WHAT YOU WILL DO
Exact reproduction of all the data is required, with pictures excluded.

PROVIDED DATA
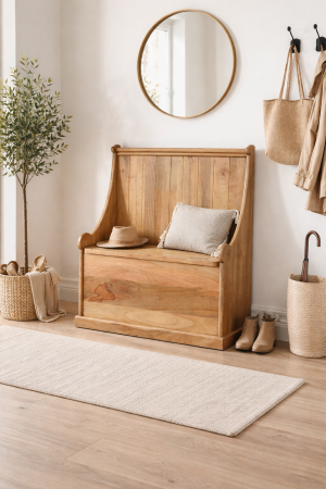 Finished with a hand-distressed oak-ish tone, each bench celebrates the individuality of the wood. Subtle variations in texture and colour give every piece its own unique character, highlighting the care and skill of the artisans who create it. This rustic finish makes the bench an ideal companion to both traditional and contemporary interiors.
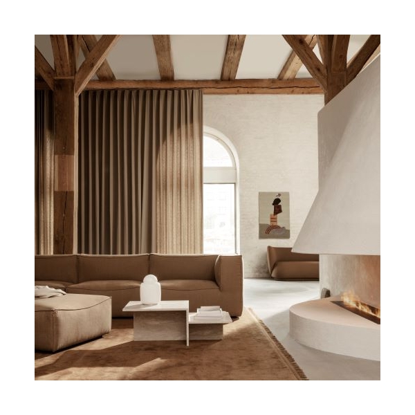 Catena sohvan kauniisti viimeistellyt saumat ovat saaneet innoituksensa pehmeistä roikkuvista kaarista, jotka tukien varaan ripustettu metalliketju muodostaa. Verhoilutekstiileiksi on valittu eläväpintaisia pellava- ja pellava-puuvillasekoitekankaita, joissa on miellyttävä tuntu.
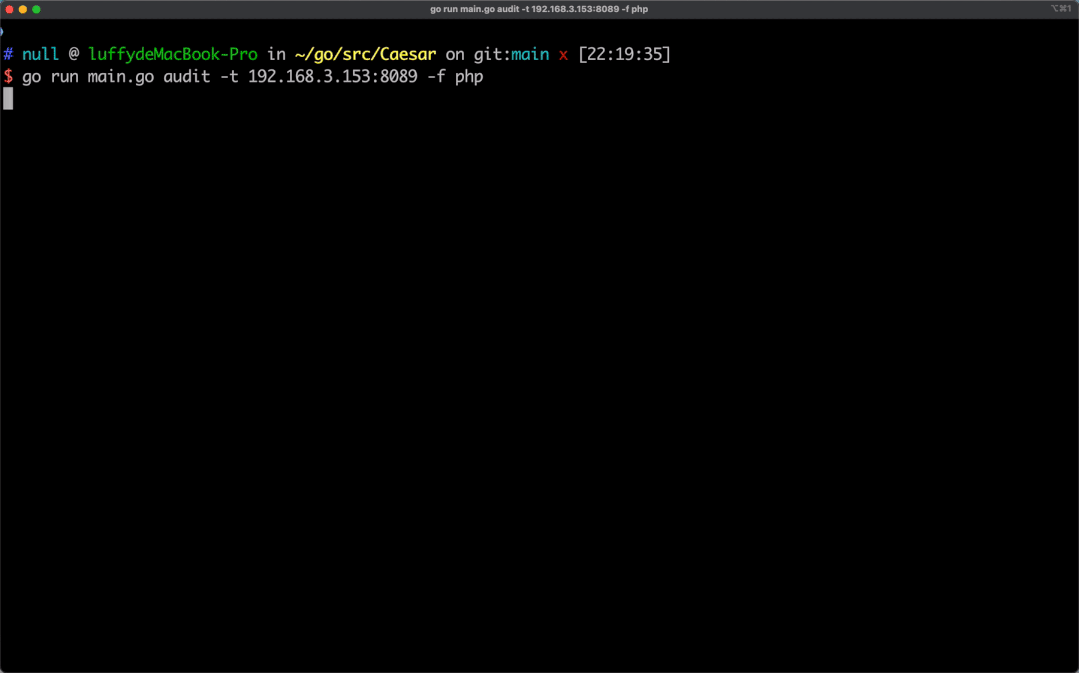 支持主流平台: 得益于golang的跨平台优势。一次编译,到处运行。强大的并发: golang的并发独树一帜。12线程下能实现每秒千级请求。为了安全性,默认只设置了3线程。路径记忆功能: Caesar可以记忆路径的击中次数,下次运行的时候,击中次数多的路径优先级会提高。动态404判断: 针对网站不存在页面返回的404,200,3xx状态码可以自动识别判断。动态文件后缀扫描功能: 比如发现index.php之后,程序会在二段扫描中扫描index.php.txt, index.php.swp, index.php.bak。动态目录扫描功能: 比如发现/admin之后,程序会在二段扫描中扫描admin.zip, admin.rar, admin.tar, admin.tar.gz。可自定义http请求头: 修改config.yml的Headers可以添加请求头内容。可自定义User-Agent: 修改config.yml的UserAgent可以实现随机UA。可自定义代理: 修改config.yml的Proxy可以实现代理访问。可自定义cookie: 修改config.yml的Cookie在访问网站的时候会带着cookie。超大字典: 程序自带common,jsp,asp,php,spring,weblogic字典,合计超10万条路径,当然也可以自己定制。错误次数太多自动退出功能: 访问目标超时次数到达一定数量的时候会自动终止任务。支持-r读取http请求: 类似sqlmap的-r功能。支持批量扫描: 可以从文本中获取多目标。

ANSWER BOX
 Finished with a hand-distressed oak-ish tone, each bench celebrates the individuality of the wood. Subtle variations in texture and colour give every piece its own unique character, highlighting the care and skill of the artisans who create it. This rustic finish makes the bench an ideal companion to both traditional and contemporary interiors.
 Catena sohvan kauniisti viimeistellyt saumat ovat saaneet innoituksensa pehmeistä roikkuvista kaarista, jotka tukien varaan ripustettu metalliketju muodostaa. Verhoilutekstiileiksi on valittu eläväpintaisia pellava- ja pellava-puuvillasekoitekankaita, joissa on miellyttävä tuntu.
 支持主流平台: 得益于golang的跨平台优势。一次编译,到处运行。强大的并发: golang的并发独树一帜。12线程下能实现每秒千级请求。为了安全性,默认只设置了3线程。路径记忆功能: Caesar可以记忆路径的击中次数,下次运行的时候,击中次数多的路径优先级会提高。动态404判断: 针对网站不存在页面返回的404,200,3xx状态码可以自动识别判断。动态文件后缀扫描功能: 比如发现index.php之后,程序会在二段扫描中扫描index.php.txt, index.php.swp, index.php.bak。动态目录扫描功能: 比如发现/admin之后,程序会在二段扫描中扫描admin.zip, admin.rar, admin.tar, admin.tar.gz。可自定义http请求头: 修改config.yml的Headers可以添加请求头内容。可自定义User-Agent: 修改config.yml的UserAgent可以实现随机UA。可自定义代理: 修改config.yml的Proxy可以实现代理访问。可自定义cookie: 修改config.yml的Cookie在访问网站的时候会带着cookie。超大字典: 程序自带common,jsp,asp,php,spring,weblogic字典,合计超10万条路径,当然也可以自己定制。错误次数太多自动退出功能: 访问目标超时次数到达一定数量的时候会自动终止任务。支持-r读取http请求: 类似sqlmap的-r功能。支持批量扫描: 可以从文本中获取多目标。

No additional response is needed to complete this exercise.